_PROBLEM DETAILS_. What you write must match, character for character, the lines from the one with "亮点:维他奶怀旧风格微场景,怀念亲情、爱" down to the one with "Fully Recessed creates" in the listing below, minus its pictures.

_SUPPLIED MATERIAL_.

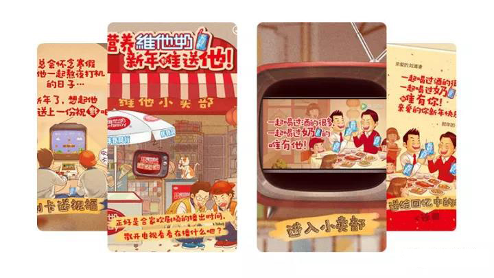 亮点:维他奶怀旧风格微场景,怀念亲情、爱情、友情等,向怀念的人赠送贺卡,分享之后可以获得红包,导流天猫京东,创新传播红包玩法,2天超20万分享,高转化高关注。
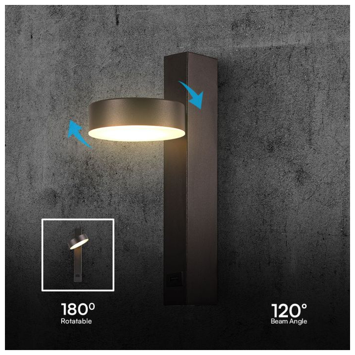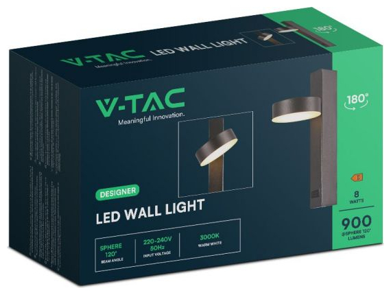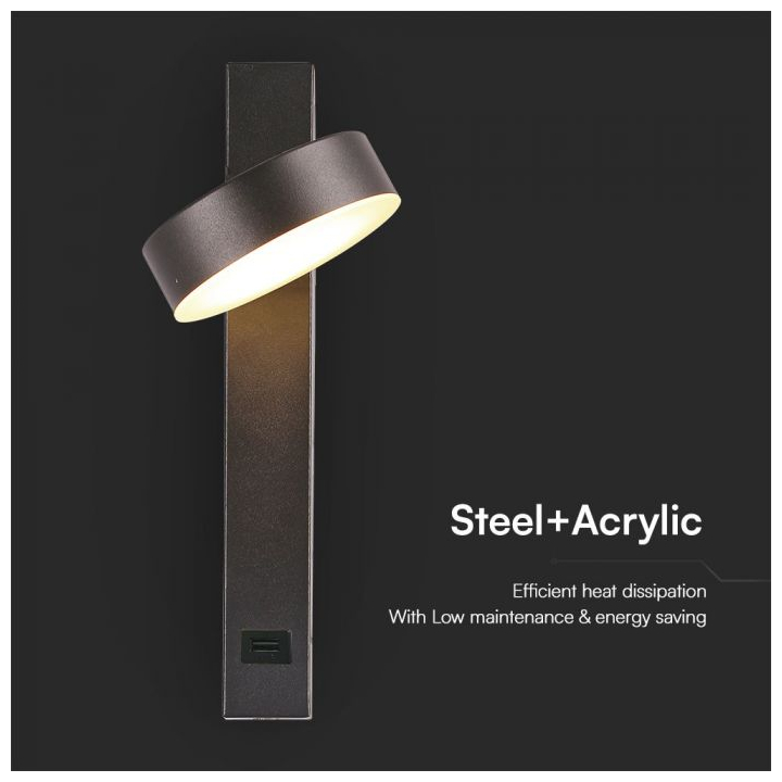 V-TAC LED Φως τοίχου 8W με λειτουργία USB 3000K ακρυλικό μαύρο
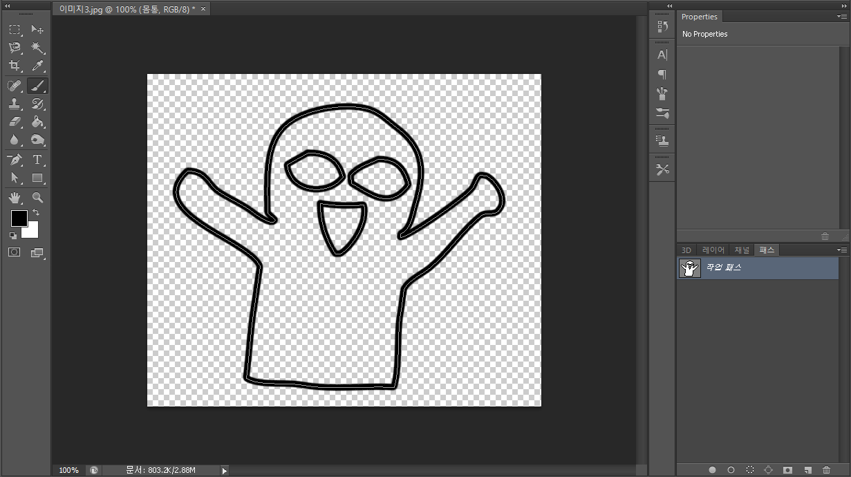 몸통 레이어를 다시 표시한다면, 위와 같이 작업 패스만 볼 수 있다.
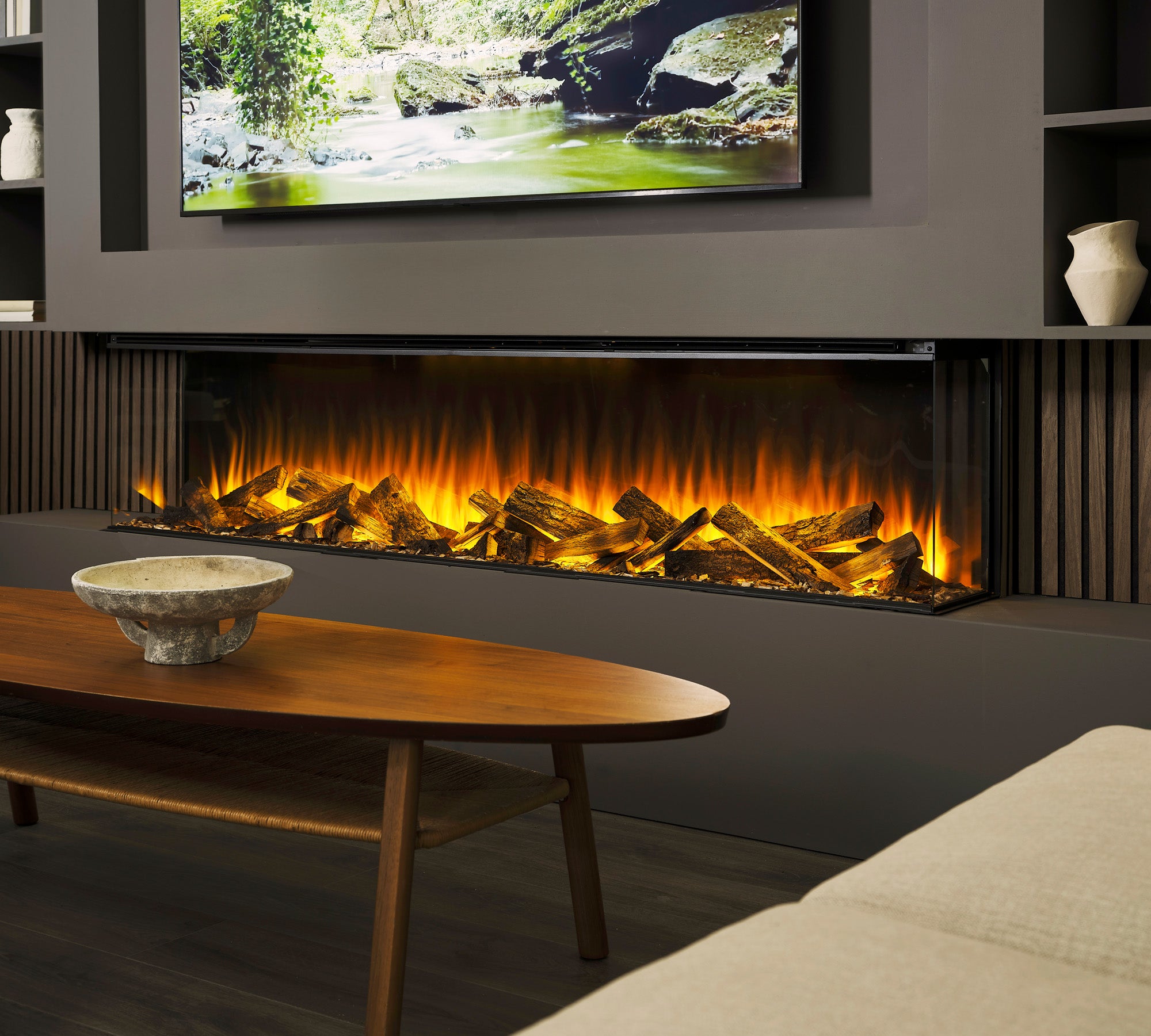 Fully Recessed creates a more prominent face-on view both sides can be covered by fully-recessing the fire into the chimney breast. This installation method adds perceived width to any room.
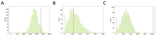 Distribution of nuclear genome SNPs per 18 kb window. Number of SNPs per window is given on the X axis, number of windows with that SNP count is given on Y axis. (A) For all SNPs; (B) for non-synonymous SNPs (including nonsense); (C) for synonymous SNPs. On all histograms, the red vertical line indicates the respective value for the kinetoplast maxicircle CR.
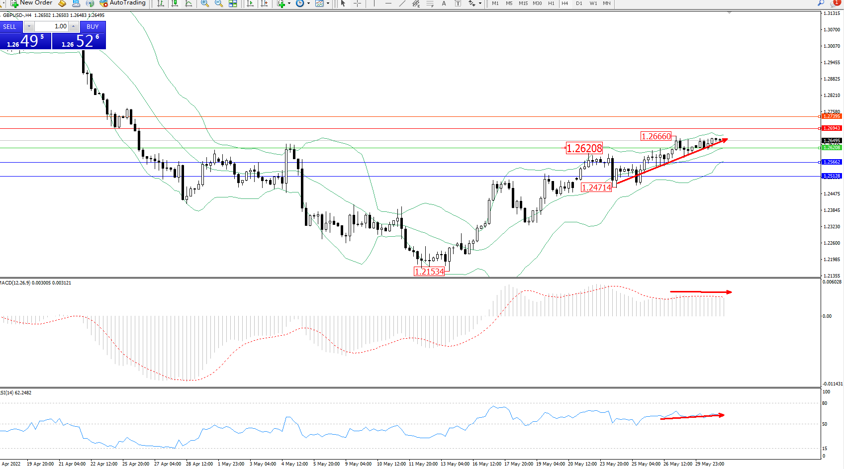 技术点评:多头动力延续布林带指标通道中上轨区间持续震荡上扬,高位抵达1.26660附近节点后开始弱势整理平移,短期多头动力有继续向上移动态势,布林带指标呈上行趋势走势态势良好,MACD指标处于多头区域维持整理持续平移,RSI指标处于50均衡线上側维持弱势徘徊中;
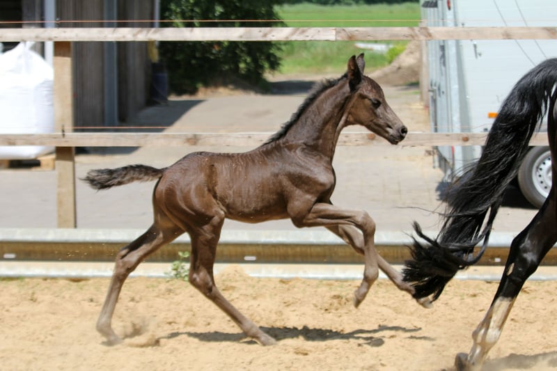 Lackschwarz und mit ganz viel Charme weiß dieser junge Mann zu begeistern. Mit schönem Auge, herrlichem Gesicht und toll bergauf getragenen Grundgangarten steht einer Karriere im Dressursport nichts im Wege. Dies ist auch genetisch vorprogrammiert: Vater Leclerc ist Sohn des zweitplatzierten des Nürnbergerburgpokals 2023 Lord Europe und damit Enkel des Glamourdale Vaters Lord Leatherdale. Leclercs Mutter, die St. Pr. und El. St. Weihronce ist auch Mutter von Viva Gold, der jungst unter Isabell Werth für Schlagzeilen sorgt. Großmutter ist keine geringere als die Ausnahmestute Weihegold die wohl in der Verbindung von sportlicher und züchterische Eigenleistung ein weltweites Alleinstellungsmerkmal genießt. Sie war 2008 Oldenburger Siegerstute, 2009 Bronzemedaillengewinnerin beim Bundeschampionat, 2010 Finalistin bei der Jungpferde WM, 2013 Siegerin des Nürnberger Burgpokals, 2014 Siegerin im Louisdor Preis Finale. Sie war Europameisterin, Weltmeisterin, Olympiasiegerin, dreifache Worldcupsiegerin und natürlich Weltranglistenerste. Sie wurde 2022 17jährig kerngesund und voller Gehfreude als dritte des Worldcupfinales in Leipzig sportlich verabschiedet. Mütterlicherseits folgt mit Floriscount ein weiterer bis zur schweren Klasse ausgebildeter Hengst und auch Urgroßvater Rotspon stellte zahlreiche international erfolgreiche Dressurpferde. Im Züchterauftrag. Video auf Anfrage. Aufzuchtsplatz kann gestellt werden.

==

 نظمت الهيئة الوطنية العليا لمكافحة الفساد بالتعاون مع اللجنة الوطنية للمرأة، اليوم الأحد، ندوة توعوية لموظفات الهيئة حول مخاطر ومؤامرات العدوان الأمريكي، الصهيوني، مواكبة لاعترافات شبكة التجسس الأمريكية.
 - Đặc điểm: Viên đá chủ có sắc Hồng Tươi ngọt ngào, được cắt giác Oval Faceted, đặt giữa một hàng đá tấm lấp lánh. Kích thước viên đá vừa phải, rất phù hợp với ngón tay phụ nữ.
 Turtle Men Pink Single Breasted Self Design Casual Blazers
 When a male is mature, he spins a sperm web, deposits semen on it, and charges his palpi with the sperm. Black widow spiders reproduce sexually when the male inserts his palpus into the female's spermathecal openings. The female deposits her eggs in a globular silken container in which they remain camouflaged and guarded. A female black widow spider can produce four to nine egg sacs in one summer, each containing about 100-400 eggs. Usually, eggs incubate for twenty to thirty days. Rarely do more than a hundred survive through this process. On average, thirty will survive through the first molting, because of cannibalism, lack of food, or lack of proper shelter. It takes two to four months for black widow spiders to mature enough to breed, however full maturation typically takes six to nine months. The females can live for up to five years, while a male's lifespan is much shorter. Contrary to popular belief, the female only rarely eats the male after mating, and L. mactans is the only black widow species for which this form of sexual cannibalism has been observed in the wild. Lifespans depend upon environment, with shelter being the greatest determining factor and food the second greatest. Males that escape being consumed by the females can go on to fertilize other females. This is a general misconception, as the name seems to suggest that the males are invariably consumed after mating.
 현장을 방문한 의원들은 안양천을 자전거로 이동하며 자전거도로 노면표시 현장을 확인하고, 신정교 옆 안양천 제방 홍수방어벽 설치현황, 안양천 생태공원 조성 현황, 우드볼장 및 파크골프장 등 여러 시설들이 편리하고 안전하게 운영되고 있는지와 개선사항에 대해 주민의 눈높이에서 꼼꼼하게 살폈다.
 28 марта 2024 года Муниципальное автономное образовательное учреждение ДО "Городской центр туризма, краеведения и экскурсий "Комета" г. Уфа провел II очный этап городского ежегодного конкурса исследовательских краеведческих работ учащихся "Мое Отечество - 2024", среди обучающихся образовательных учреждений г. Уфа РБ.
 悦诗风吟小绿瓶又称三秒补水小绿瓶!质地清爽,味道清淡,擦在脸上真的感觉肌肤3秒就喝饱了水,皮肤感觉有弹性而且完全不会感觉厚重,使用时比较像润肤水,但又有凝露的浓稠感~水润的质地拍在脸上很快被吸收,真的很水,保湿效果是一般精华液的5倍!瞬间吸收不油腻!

* * *

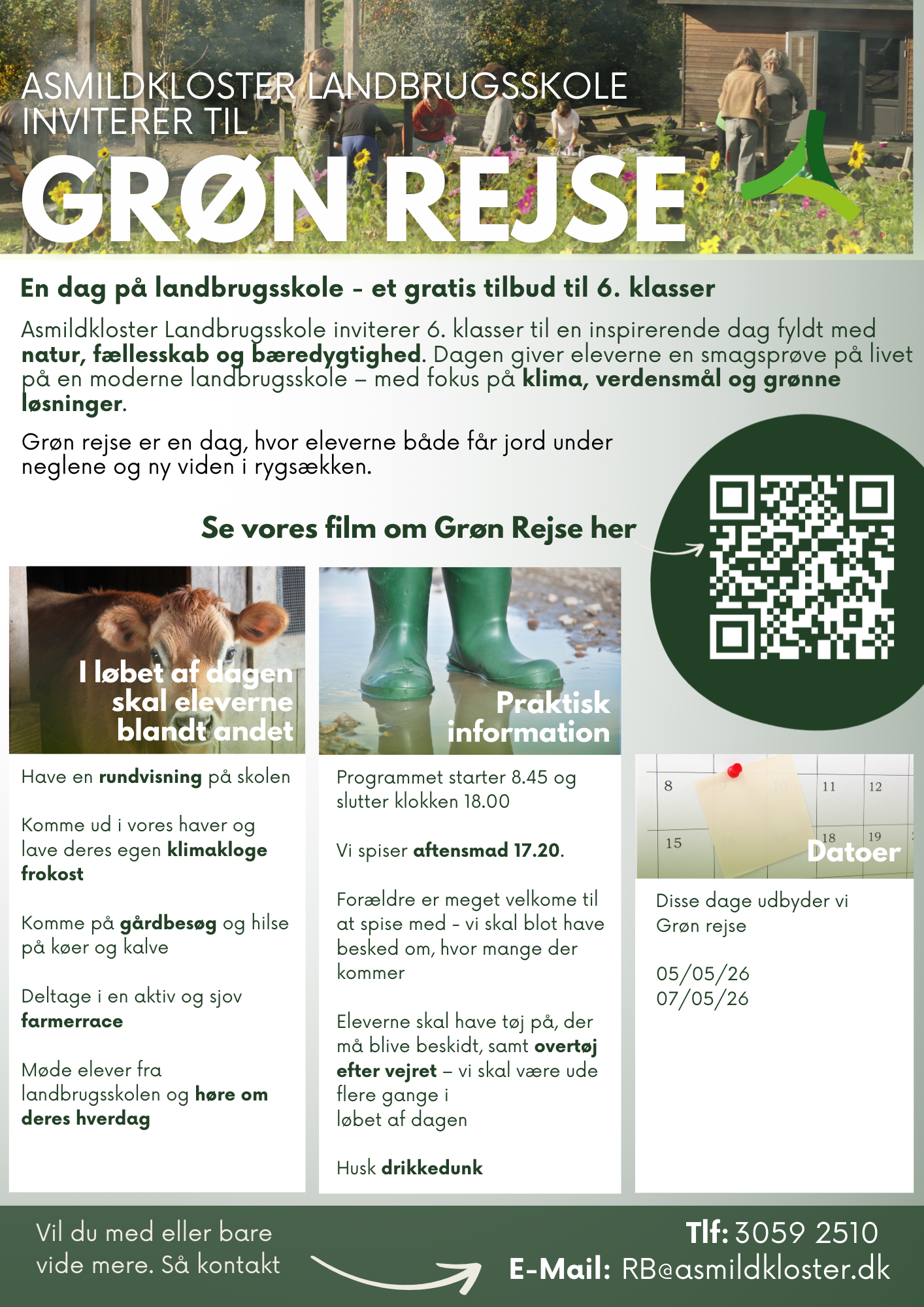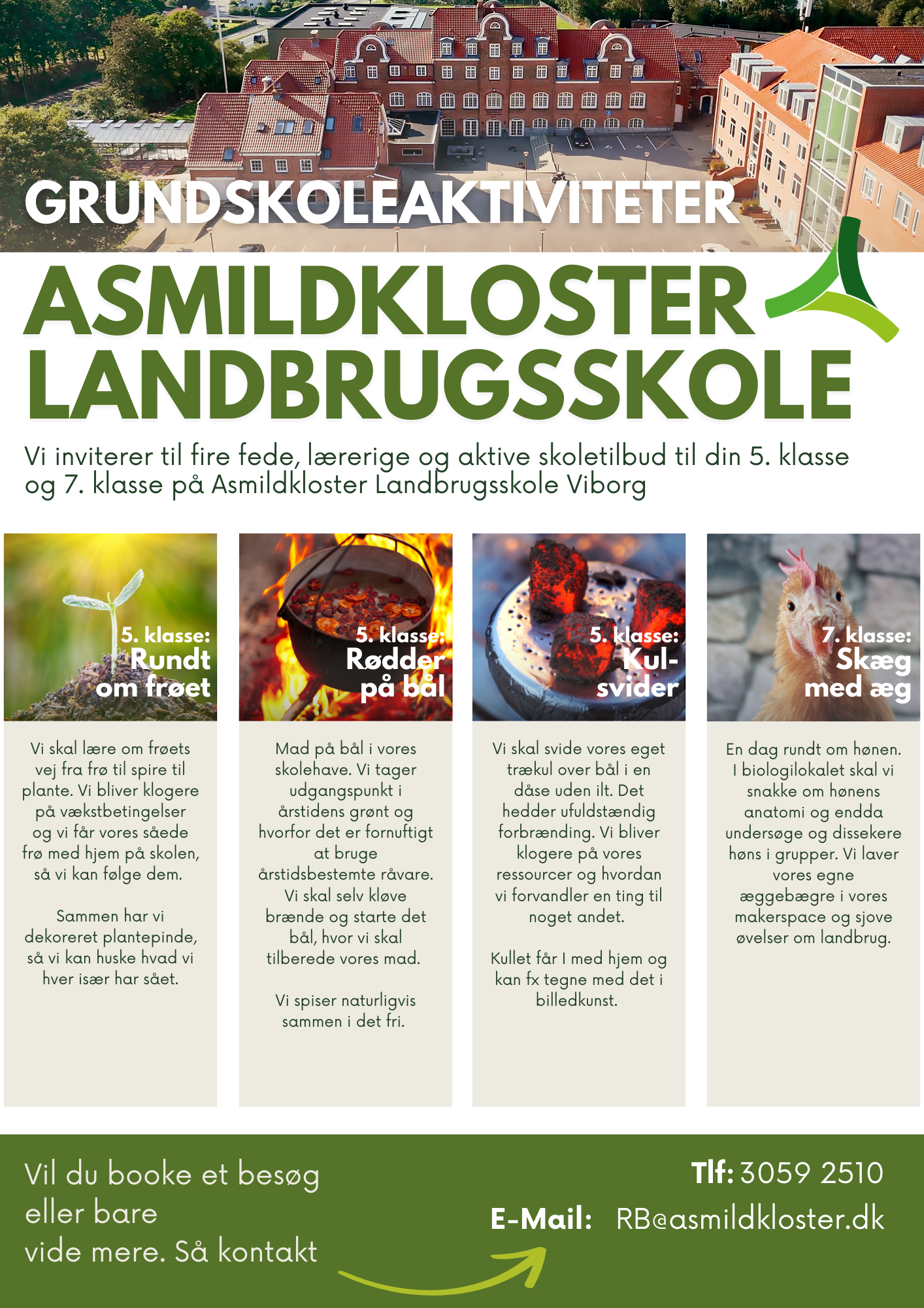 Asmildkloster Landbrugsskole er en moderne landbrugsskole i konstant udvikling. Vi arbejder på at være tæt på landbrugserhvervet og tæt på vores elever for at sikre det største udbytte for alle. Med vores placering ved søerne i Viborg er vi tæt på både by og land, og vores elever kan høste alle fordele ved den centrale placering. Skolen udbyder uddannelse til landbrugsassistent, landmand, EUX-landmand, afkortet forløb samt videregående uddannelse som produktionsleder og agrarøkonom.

_SOLVED EXERCISE_.
 亮点:维他奶怀旧风格微场景,怀念亲情、爱情、友情等,向怀念的人赠送贺卡,分享之后可以获得红包,导流天猫京东,创新传播红包玩法,2天超20万分享,高转化高关注。
 V-TAC LED Φως τοίχου 8W με λειτουργία USB 3000K ακρυλικό μαύρο
 몸통 레이어를 다시 표시한다면, 위와 같이 작업 패스만 볼 수 있다.
 Fully Recessed creates a more prominent face-on view both sides can be covered by fully-recessing the fire into the chimney breast. This installation method adds perceived width to any room.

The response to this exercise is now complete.